I have no idea what these mean, what in the world is with the _ s if they are to be disregaured? Please rewrite this in standard format i.e. ((x-1+y)^z)/(g*x+4*z)=5

EDIT: Since I can't seem to get the second problem to appear correctly, it is x over 9 plus 1 over 6 equals 2/3s. How do I do this?

Help, please.
__________________

Ok, I think this bottem one states (x/9)+(1/6)=(2/3)
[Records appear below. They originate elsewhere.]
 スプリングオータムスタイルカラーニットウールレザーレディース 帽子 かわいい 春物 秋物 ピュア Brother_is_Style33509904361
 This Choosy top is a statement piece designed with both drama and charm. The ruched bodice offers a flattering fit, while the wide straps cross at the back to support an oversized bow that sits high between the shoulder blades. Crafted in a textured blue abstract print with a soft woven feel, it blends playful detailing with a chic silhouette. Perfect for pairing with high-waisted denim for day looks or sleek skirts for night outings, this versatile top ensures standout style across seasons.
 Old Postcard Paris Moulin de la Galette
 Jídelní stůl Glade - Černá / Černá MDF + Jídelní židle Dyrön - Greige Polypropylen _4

The first step is to isolate your x (That way you can figure out what it "equals", to do this multiply both sides by 9... simple enough,

x*(9/9)+(9/6)=((9*2)/3)

simplifying this, the 9/9 is 1 so it just vanishes, 9/6=3/2 when you divide the top and bottem by three, and (9*2)/3=18/3= 6/1=6 when you divide the top and bottem by 3.

x+3/2=6

Now to solve for x, just isolate it on the left side by subtracting 3/2s from both sides,

x=6-3/2

to simplify this, change the common denominator to two. 6=12/2

x=(12/2)-(3/2)=(12-3)/2=9/2

x=9/2

This is the answer if I gather the question correctly.

Pascal

EDIT: By the way this isn't complex, to be complex it requires the use of imaginary numbers a+b*i, where i is the square root of negative one.

[Destroyer2000]

I have no idea what these mean, what in the world is with the _ s if they are to be disregaured? Please rewrite this in standard format i.e. ((x-1+y)^z)/(g*x+4*z)=5

EDIT: Since I can't seem to get the second problem to appear correctly, it is x over 9 plus 1 over 6 equals 2/3s. How do I do this?

Help, please.
__________________

Ok, I think this bottem one states (x/9)+(1/6)=(2/3)
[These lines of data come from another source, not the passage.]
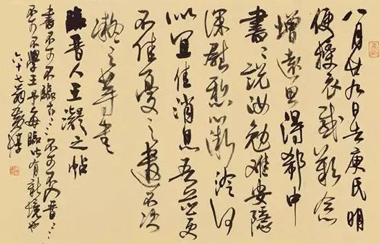 六、在学习书法的过程中,有些传世法贴 ,可由“法”的角度切入,通过临摹,不断掌握,如二王,颜、柳、欧、赵、虞、王等。而有些书家的作品,如果也以法的角度入手,那将不得要领,东施效颦。所以只能以“意”的角度学习其思想、胆识,继而领略其以笔墨为载体的心灵和人格之美。学这种法帖切忌依样画葫芦,如张旭、苏轼、二大、徐渭、傅山等。这类似李杜两大诗人。胡应麟:“李、杜二家,其才本无优劣,但工部体裁明密,有法可寻;青莲兴会标举,非学可至。”通俗的说,学第一类书家的字有可操作性;而第二类书家的字,如李广用兵,神出鬼没,无迹可寻。所以要以气、以情、以意而不是靠“法”来驾驭手中之笔。
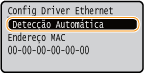 Ethernet é uma norma utilizada na transmissão de dados numa rede de área local (LAN). Pode definir o modo de comunicação e o tipo de Ethernet. De um modo geral, é possível utilizar a máquina sem alterar as predefinições (<Configurações do Driver Ethernet>), mas pode alterar estas definições para se adequarem ao seu ambiente de rede.
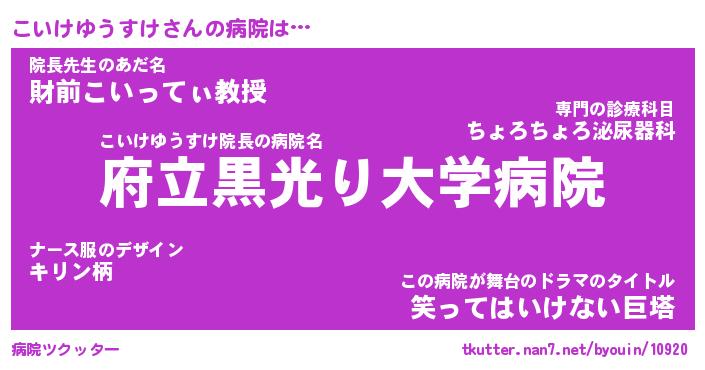 | 男性向けラノベタイトル風あだ名 | 『こいけゆうすけの憂鬱』 |
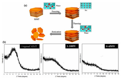 | 图 3 (a) 超声-冷冻解冻法循环剥离蒙脱石示意图;(b)未剥离蒙脱石和超声-冷冻/解冻循环剥离后的蒙脱石XRD图谱[32] Fig.3 (a) Schematic of cyclic exfoliation of montmorillonite by ultrasonic-freeze thawing method; (b) XRD patterns of montmorillonite after exfoliation without exfoliation and cyclic exfoliation by ultrasonic-freezing / thawing method[32] |

The first step is to isolate your x (That way you can figure out what it "equals", to do this multiply both sides by 9... simple enough,

x*(9/9)+(9/6)=((9*2)/3)

simplifying this, the 9/9 is 1 so it just vanishes, 9/6=3/2 when you divide the top and bottem by three, and (9*2)/3=18/3= 6/1=6 when you divide the top and bottem by 3.

x+3/2=6

Now to solve for x, just isolate it on the left side by subtracting 3/2s from both sides,

x=6-3/2

to simplify this, change the common denominator to two. 6=12/2

x=(12/2)-(3/2)=(12-3)/2=9/2

x=9/2

This is the answer if I gather the question correctly.

Pascal

EDIT: By the way this isn't complex, to be complex it requires the use of imaginary numbers a+b*i, where i is the square root of negative one.
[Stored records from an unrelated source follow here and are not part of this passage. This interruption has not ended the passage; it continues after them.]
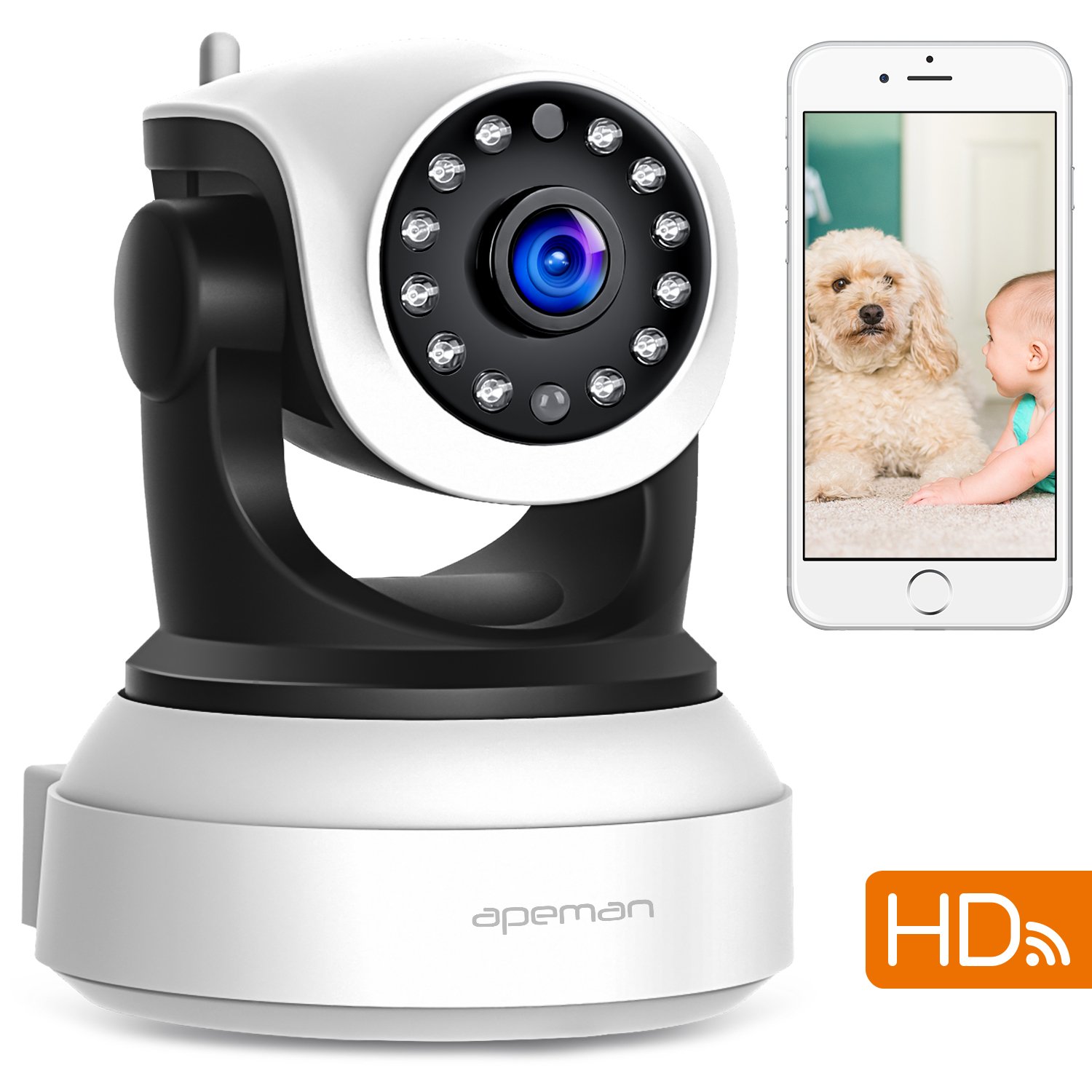 APEMAN 720P Telecamera IP Camera WIFI, Videocamera di Sorveglianza con Visione Notturna, Audio Bidirezionale, Sensore di Movimento PanTilt, P2POvnif2.4GHz, Compatibile con iOSAndroid descrizione
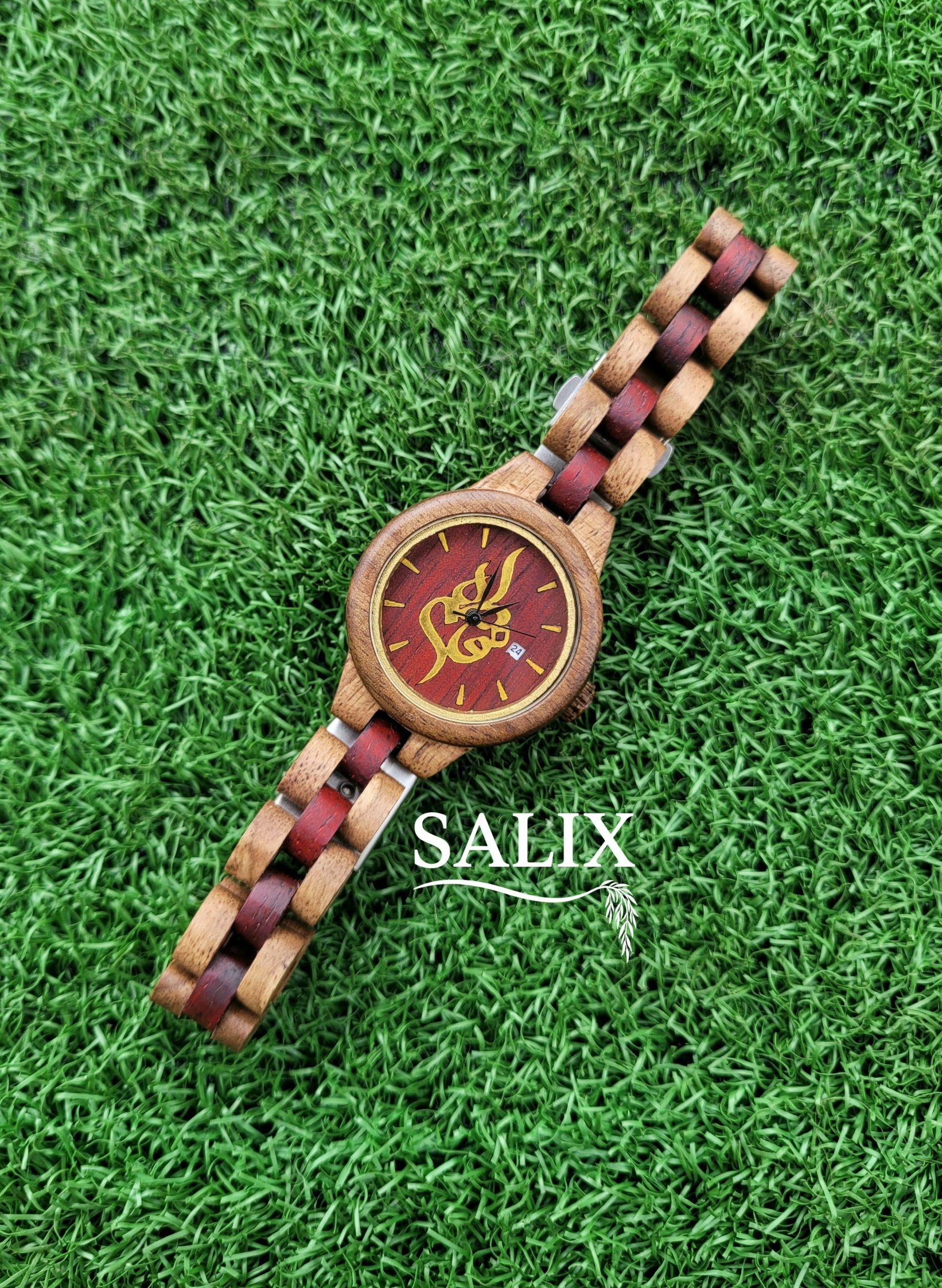 ساعت مچی چوبی با چوب گردو و گیلاس برزیلی (رزوود) با اسم فاطمه
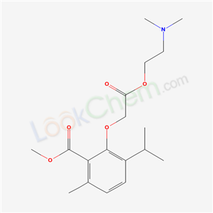 - Synonyms:Acetic acid,(6-isopropyl-2-methoxycarbonyl-3-methylphenoxy)-,2-(dimethylamino)ethyl ester;methyl 2-[2-(2-dimethylaminoethyloxy)-2-oxoethoxy]-6-methyl-3-propan-2-ylbenzoate;p-Cymene-2-carboxylic acid,3-(2-dimethylamino)ethoxycarbonylmethoxy-,methyl ester;
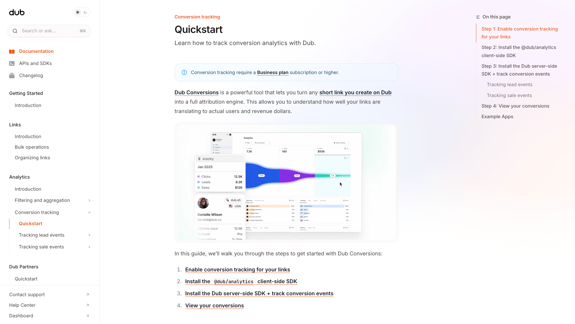 The way conversion tracking on Dub works can be boiled down to 3 simple steps:Click Event
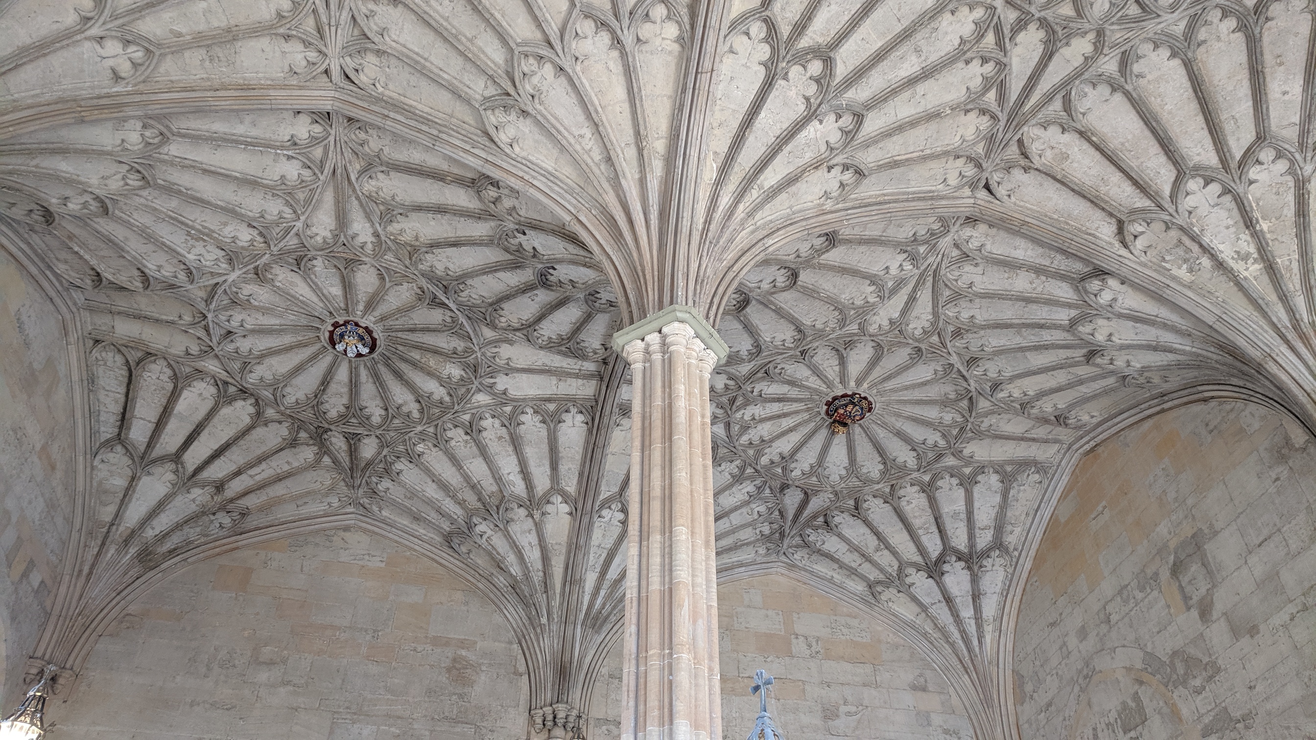 No flames allowed and no electric light or heat till the 21st century, so hours were limited. Until a few years ago, scholars placed their book requests through a pneumatic tube system, which meant you waited about three hours before your books arrived at your desk. The system is online now, so much faster. Shelves and shelves of ancient books, some rows turned spines in because of the way the chains were attached, with one chain still extant to show visitors. And notice the ceiling!

THanks. The '_'s were there as spacers; they weren't in the original problem.

[everdred12a]

I know this problem has pretty much been solved, but I was just going to say that a little work could have been saved if you isolated the x first, like this:

(x/9)+(1/6)=(2/3)
Basically what I'm saying is do this first:
(x/9)=(2/3)-(1/6) = (x/9)=(1/2)
Then, follow as Pascal said, multiplying both sides by 9.

The only reason I suggested this is because it eliminates the problem of having to multiply three different terms by 9, and instead only multiplies two terms. I personally like to make my math as simple as possible (because I'm not so good at it... xD)